- **Requirement**
Everything from the line that contains "The kids chose" through the last line below should be transcribed exactly, except the pictures.

- **Collected material**
>>

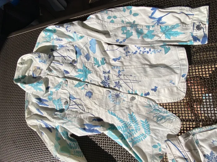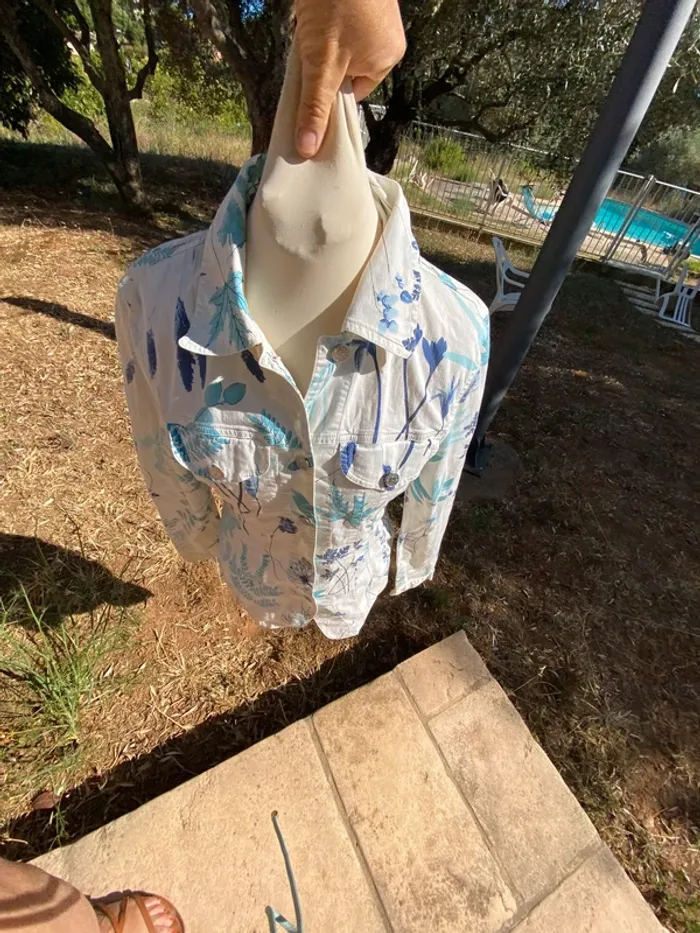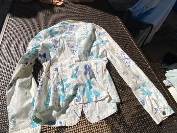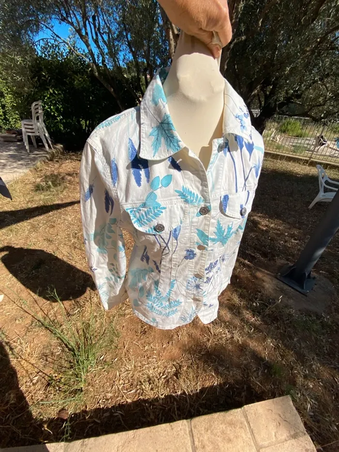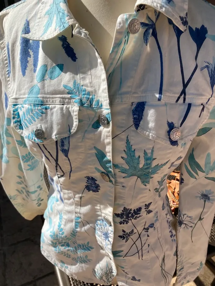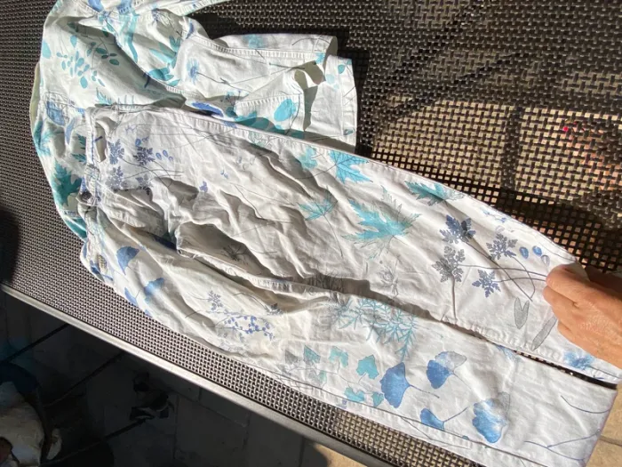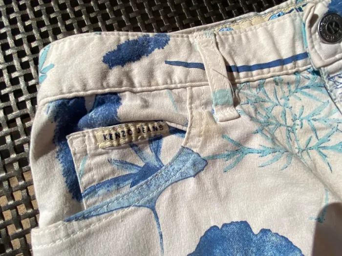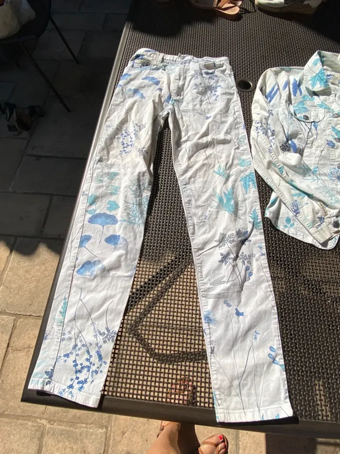 Très bel ensemble en jean blanc, fleuri, Kenzo, 40 42
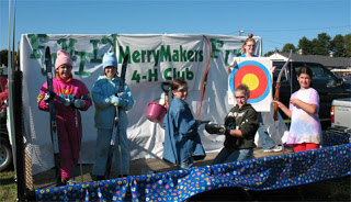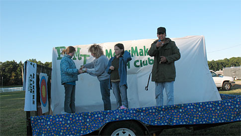 The kids chose three activities that they enjoyed this past year with their club to include as part of their float for the parade’s “Family Fun” theme. I thought the apple headband was a nice touch on the archery section.
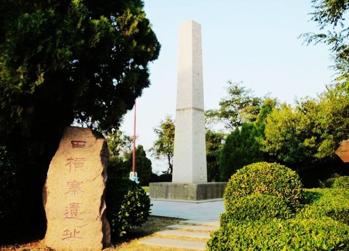 這里是田橫寨遺址,為長方形,東西長120米,南北寬80米。南側(cè)的“田橫寨遺址”石碑為書法家大康題寫。這座田橫紀(jì)念柱高7米,采用花崗巖雕鑿而成。四面浮雕分別表現(xiàn)了“聚事”、“演練”、“進攻”、“建國”四個場面。西側(cè)是一座田橫雕像。他面北而立,氣宇軒昂,象似在高呼“吾豈能北面而事臣?”雄姿凜然,氣壯山河。

<<

- **Task answer**
 The kids chose three activities that they enjoyed this past year with their club to include as part of their float for the parade’s “Family Fun” theme. I thought the apple headband was a nice touch on the archery section.
 這里是田橫寨遺址,為長方形,東西長120米,南北寬80米。南側(cè)的“田橫寨遺址”石碑為書法家大康題寫。這座田橫紀(jì)念柱高7米,采用花崗巖雕鑿而成。四面浮雕分別表現(xiàn)了“聚事”、“演練”、“進攻”、“建國”四個場面。西側(cè)是一座田橫雕像。他面北而立,氣宇軒昂,象似在高呼“吾豈能北面而事臣?”雄姿凜然,氣壯山河。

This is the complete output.